The prevalence of dry eye disease (DED) continues to rise, with numbers reflecting approximately 38 million adults suffering from DED in the US. Given its strong association with advancing age, the burden of DED is expected to increase further as the population ages. Additionally, there has been a notable rise in DED among young adults and even children, linked, in part, to lifestyle factors such as screen time and cosmetic use.1,2
While only 18 million of those living with DED have received a formal diagnosis, even fewer are being actively treated. This highlights current deficiencies in both diagnosis and treatment. Managing this multifactorial condition is further complicated by patient compliance and treatment cost burden.1 Early assessment of the ocular surface and proactive management strategies can help address these challenges.
We spoke with Shane Kannar, OD; Kaleb Abbott, OD, MS, FAAO, FOWNS; Cecelia Koetting, OD, FAAO, Dipl. ABO; and Jeffry Gerson, OD, FAAO about their approach to diagnosing and treating this complex condition.
Dry eye disease overview
DED is a multifactorial disease of the ocular surface characterized by tear film instability, ocular surface inflammation, and neurosensory abnormalities. Patients commonly report symptoms such as dryness, burning, foreign body sensation, tearing, photophobia, fluctuating vision, itching, and redness. Tear film instability and resultant ocular surface damage can compromise corneal integrity, contributing to light scatter and visual fluctuation.3
The relationship between signs and symptoms in DED is not always straightforward. Some patients, particularly those with neurosensory abnormalities, may experience significant symptoms despite minimal clinical signs while others may demonstrate notable ocular surface findings with few symptoms. In addition, other ocular surface conditions may coexist with DED, making accurate diagnosis and a multimodal management approach essential.3
DED also significantly affects quality of life (QoL), impacting visual function, daily activities, workplace productivity, mental health, and overall well-being, while contributing to substantial economic burden.1
Ocular surface assessment: Establishing the diagnosis
Some DED tests rely on subjective scoring, and the sequence of testing can influence outcomes. Since DED is a dynamic condition, symptoms can vary over time, and test results may be affected by environmental factors, time of day, and recent lubricating drop instillation.3
When determining DED diagnosis, it’s important to undergo a systematic ocular surface evaluation. The Tear Film & Ocular Surface Society (TFOS) Dry Eye Workshop (DEWS) III Diagnostic Methodology paper is recommended as a guide to dry eye evaluation and diagnosis.3
Patient history and risk factors
Patient history is essential. Understanding a patient's systemic diseases, medications, digital device usage, contact lens history, and environmental factors can help pinpoint the underlying cause of DED.3
Several risk factors are associated with DED. Among the most well-established are age and sex, with older adults and female patients at higher risk.
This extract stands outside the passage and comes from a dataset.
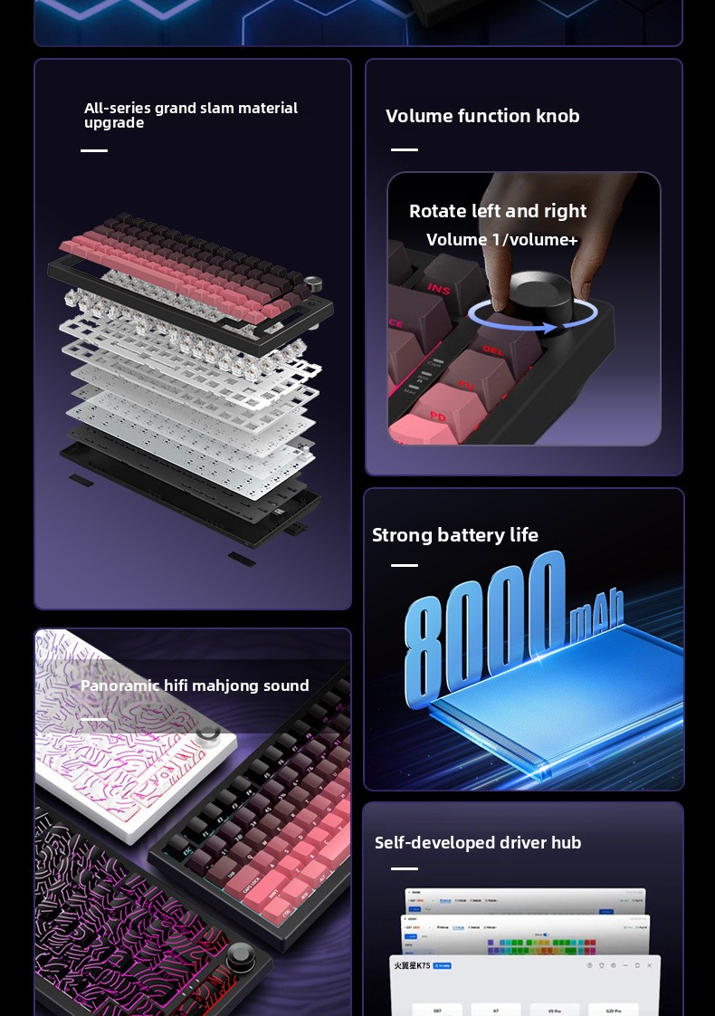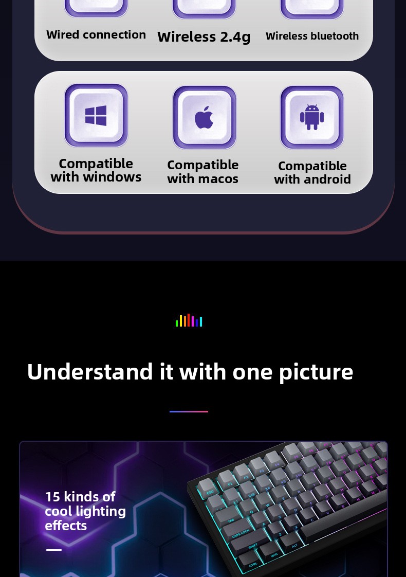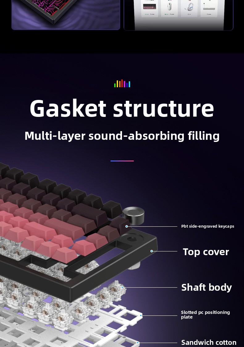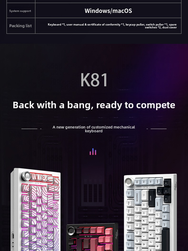 A three-mode mechanical keyboard is engraved with wireless Bluetooth

However, these are not the only contributors. Autoimmune disorders, gut dysbiosis, hormonal imbalance, dermatologic disease, chronic pain conditions, and mental health disorders have also been implicated in the development and severity of DED.4
Ocular conditions, including allergic conjunctivitis and blepharitis, as well as a history of ocular surgery, particularly refractive and cataract procedures, are well-established risk factors for DED.10 Meibomian gland dysfunction (MGD) is the most common cause of evaporative dry eye, with clinic-based studies estimating that over 80% of DED patients have concurrent MGD.11
Additional modifiable risk factors include prolonged digital device use, which reduces blink rate and promotes tear film instability; use of eye cosmetics, particularly eyeliner applied along the lid margin, which can obstruct meibomian gland function; and environmental exposures such as low humidity, high wind speed, air pollution, and temperature extremes.12-14
Validated questionnaires
Validated questionnaires can be useful for initiating patient discussions, monitoring symptom severity over time, and standardizing assessment in clinical practice. A variety of validated instruments are available, which can make selection challenging; however, commonly used tools include the original Ocular Surface Disease Index (OSDI), the OSDI-6, the Standard Patient Evaluation of Eye Dryness (SPEED), and the Dry Eye-Related Quality-of-Life Score (DEQS).
According to the TFOS DEWS III Diagnostic Methodology, the OSDI-6 is currently recommended as a screening questionnaire, with a cutoff score >4 suggesting dry eye disease, due to its reduced respondent burden with only six items (Figure 1).3
Figure 1: Example of the OSDI-6 Questionnaire.
Slit lamp exam
A comprehensive slit lamp examination of the anterior segment is essential in the evaluation of DED and OSD. The examination should be systematic, with attention to signs of tear film instability, eyelid disease, and ocular surface damage.3
Eyelashes and lid margins:
Telangiectasia, erythema, rosacea, anterior and posterior blepharitis, trichiasis, distichiasis, madarosis, collarettes/cylindrical dandruff, and abnormalities of the meibomian gland orifices (e.g., obstruction, pouting, capping, or dropout). Meibomian gland expression may reveal reduced expressibility or altered meibum quality, consistent with meibomian gland dysfunction.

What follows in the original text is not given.